● **Work task**: Please give back each line below unchanged; none of the pictures should appear.

(Data shown begins)

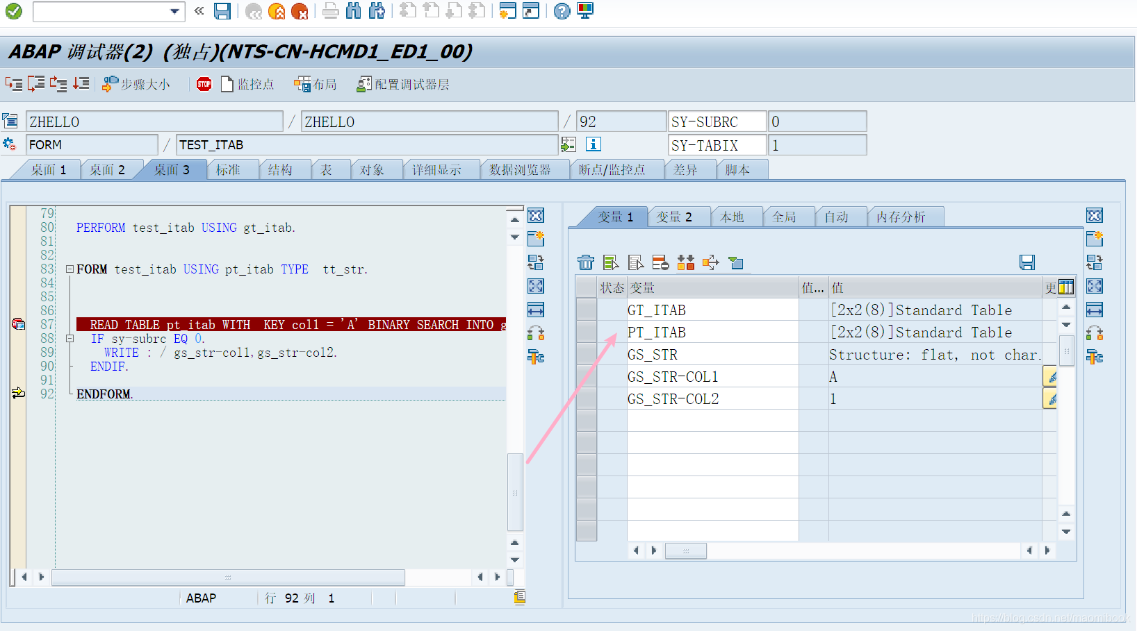 *调用程序要传输的数据gt_itab,把gt_itab的值传递到pt_itab
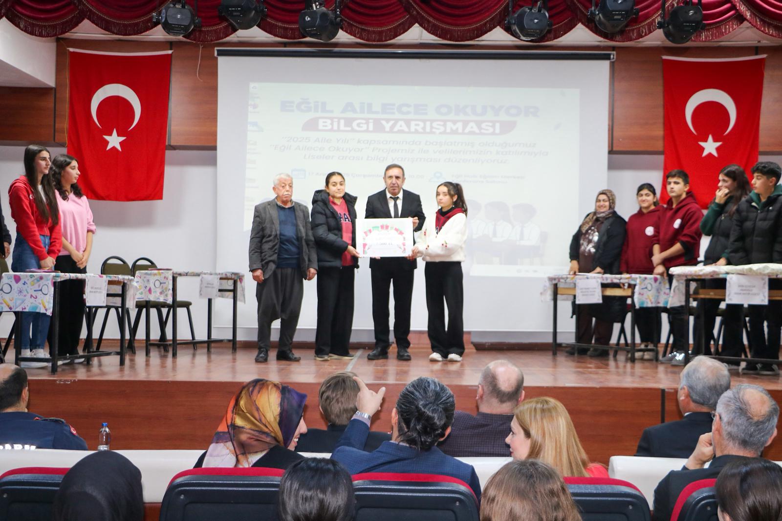 2025 Aile Yılı kapsamında Eğil ilçemizde, liseli öğrencilerimize yönelik olarak yürütülen “Eğil Ailece Okuyor” projesi çerçevesinde düzenlenen Liseler Arası Bilgi Yarışması gerçekleştirildi.
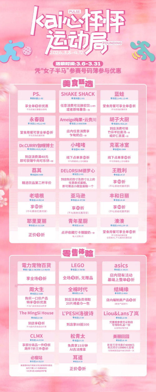 气温回升,春困来袭,正值初遇樱花季的浪漫时节,凯德集团于长宁来福士广场活力开启“KAI心怦怦运动局”,以一场沉浸式春日盛会,唤醒整座城市的律动与热情。本次活动周期从2026年3月8日持续至4月12日,借势女神节节点,通过场景营造与福利放送双重驱动,全面激活春日消费活力,为市民打造可参与、可体验、可共鸣的理想生活场景。 热“AI”大放送:长宁来福士广场一站式满足消费新需求 为让春日福利惠及更多市民,...

(Data shown ends)

● **Answer space**:
 *调用程序要传输的数据gt_itab,把gt_itab的值传递到pt_itab
 2025 Aile Yılı kapsamında Eğil ilçemizde, liseli öğrencilerimize yönelik olarak yürütülen “Eğil Ailece Okuyor” projesi çerçevesinde düzenlenen Liseler Arası Bilgi Yarışması gerçekleştirildi.
 气温回升,春困来袭,正值初遇樱花季的浪漫时节,凯德集团于长宁来福士广场活力开启“KAI心怦怦运动局”,以一场沉浸式春日盛会,唤醒整座城市的律动与热情。本次活动周期从2026年3月8日持续至4月12日,借势女神节节点,通过场景营造与福利放送双重驱动,全面激活春日消费活力,为市民打造可参与、可体验、可共鸣的理想生活场景。 热“AI”大放送:长宁来福士广场一站式满足消费新需求 为让春日福利惠及更多市民,...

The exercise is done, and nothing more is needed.